La bahía dio paso al mar y el agua se tornó menos serena. Los riscos se alzaban en el aire. Las Torres, arrogantes y desafiantes, se erguían en su loma, mirando hacia el pueblo y el mar. Su sombría piedra gris reflejaba la tonalidad de las nubes de lluvia que había al oeste. Como un espejismo, el jardín de Paula representaba unas vetas de colores.
—A veces cuando iba a capturar langostas con mi padre, alzaba la vista para contemplarlo —«y pensar en ti» —. El castillo Chaves —murmuró Pedro—. Así lo llamaba él.
Paula sonrió y se protegió los ojos mientras estudiaba la imponente casa en los riscos.
—Para mí es mi casa. Siempre ha sido eso.
Cuando la miro, pienso en la tía Coco preparando alguna receta nueva de cocina y en Paula durmiendo en el salón. En los niños que juegan en el jardín o corren por las escaleras.
En Amelia sentada a su escritorio, mientras se abre paso de manera meticulosa por las montañas de facturas que son necesarias para mantener firme un hogar. En Catalina al sumergirse bajo el capó de una vieja furgoneta para ver si consigue obrar un milagro y sacar un año más de vida al motor. A veces veo a mis padres riendo a la mesa de la cocina, tan jóvenes… tan vivos, llenos de planes —giró para mantener la casa a la vista—. Tantas cosas han cambiado y cambiarán. Pero la casa está ahí. Eso me consuela. Lo tienes que entender, o no habrías elegido vivir en la cabaña de Christian, con todos sus recuerdos.
Él lo entendía muy bien y eso lo incomodaba.
—Quizá solo me gusta tener una casa junto al agua.
Paula contempló cómo desaparecía la torre de Bianca antes de volverse para mirarlo.
—Los sentimientos no te debilitan, Pedro.
—Jamás pude estar cerca de mi padre —afirmó, mirando ceñudo el agua—. Todo lo encarábamos desde direcciones distintas.
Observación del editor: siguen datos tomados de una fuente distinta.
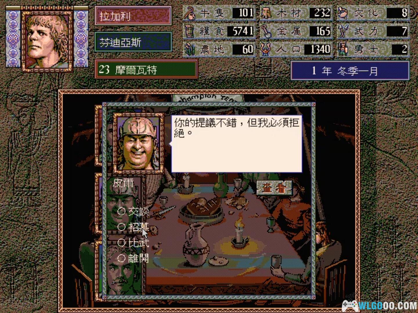 你可依照自己想要挑战的游戏难度,选择较强或较弱的领主来扮演。有一点 要注意的是,由于游戏有名誉属性的设计,所以你需要常常做一些诸如建造城镇要塞 、维持和平、接管领地、结盟、贸易、进贡等事情以增加领主的名誉。相反,若是经 常发生拒绝贸易、投降、让地或过于不积极发展等事情,领主的名誉就会下降,便得 不到更多勇士们的拥待。
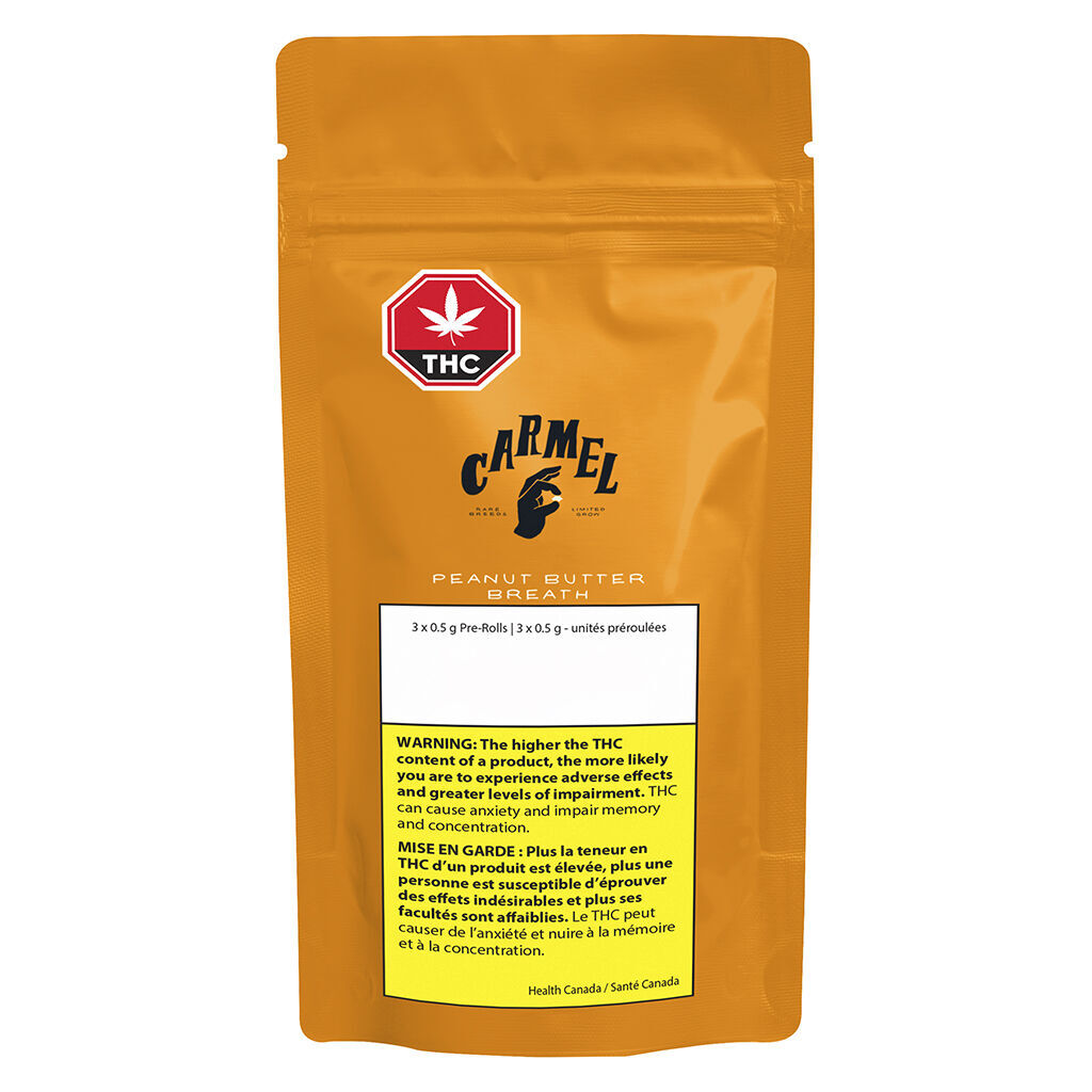 Bred by Thug Pug, Peanut Butter Breath is a creation of crossing Dosidos with Mendobreath. Tight resin covered buds feature vibrant purple shading that really make this one pop. Peanut Butter Breath has some of the best bag appeal you will ever see. The aroma is sweet with subtle floral notes. The smoke is heavy with nutty and chocolate flavours that will keep you coming back over and over again. Because it’s just the right thing to do, all our flower is hang dried, hand trimmed, and slow cold cured. Carmel pre-rolls are made with whole flower, never trim. Each pre-roll is hand filled, twisted and packaged. Non irradiated, obviously.

A mi abuelo jamás tuve que explicarle o justificarle nada de lo que sentía o quería. Él simplemente lo aceptaba. Imagino que supuse que había un motivo para que me legara la casa cuando murió, aun cuando y o apenas era un niño.
Que compartiera eso con ella la conmovió.
—Así que volviste a vivir en su cabaña. Siempre regresamos a lo que amamos.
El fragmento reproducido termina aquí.